A renewed effort is underway in Singapore to reverse an alarming baby shortage, with the government mulling longer paid maternity leave and a host of other family-friendly incentives to spark a procreation boom.

The task took on an added sense of urgency with just-released figures showing the total fertility rate plummeted to an historic low of 1.26 children per woman last year.

In absolute terms, it means only 36,000 babies were born that year, well below the 50,000 annual birth the city-state needs to replenish its population of 3.37 million naturally and have enough manpower for economic, defense and other needs.

"This is a serious problem. A declining birth rate will sap the vitality and resilience of our country," Deputy Prime Minister Lee Hsien Loong said in parliament last month.

But demographers said changing social mindsets, apart from easing the financial burdens of raising a child, are equally important -- a point acknowledged by the government.

"We need to shift social attitudes toward having children, even while we recognize that having children is a very personal decision which couples have to make for themselves," said Lee, who will succeed Prime Minister Goh Chok Tong in a leadership change coming possibly later this year.

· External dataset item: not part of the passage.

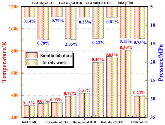 The same model data used by the Sandia Lab [28] were employed to verify the accuracy and validity of the established system. Key parameters at each critical point were calculated and compared with the results from the Sandia Lab [28]. As shown in Figure 5, the comparison between the results from this study and those from Sandia Lab indicates that the maximum error is less than 3%. In addition, the mean absolute errors of the temperature and pressure at key points were calculated, with values of 11.89 K and 0.076 MPa, respectively. These results validate the system’s accuracy established in this study, indicating that the system can be used for subsequent computational analysis.

Since 1987, the government has put in place a slew of financial and tax incentives to encourage couples to have more children than the current average of two.

A "baby bonus" scheme announced in 2000 gave fresh financial incentives for couples who will have a third child.

But demographers said the failure of the financial perks to lift the fertility rate underscores the need for non-monetary measures, such as creating a more friendly environment for working mothers.

"I think the missing link is about work. It's not about buying babies," Peter McDonald, professor of demography at Canberra's Australian National University, said.

"Providing financial support to have children is important but the financial loss that [working women] have by having children ... is in financial terms vastly greater than the payment that any government is going to make to them."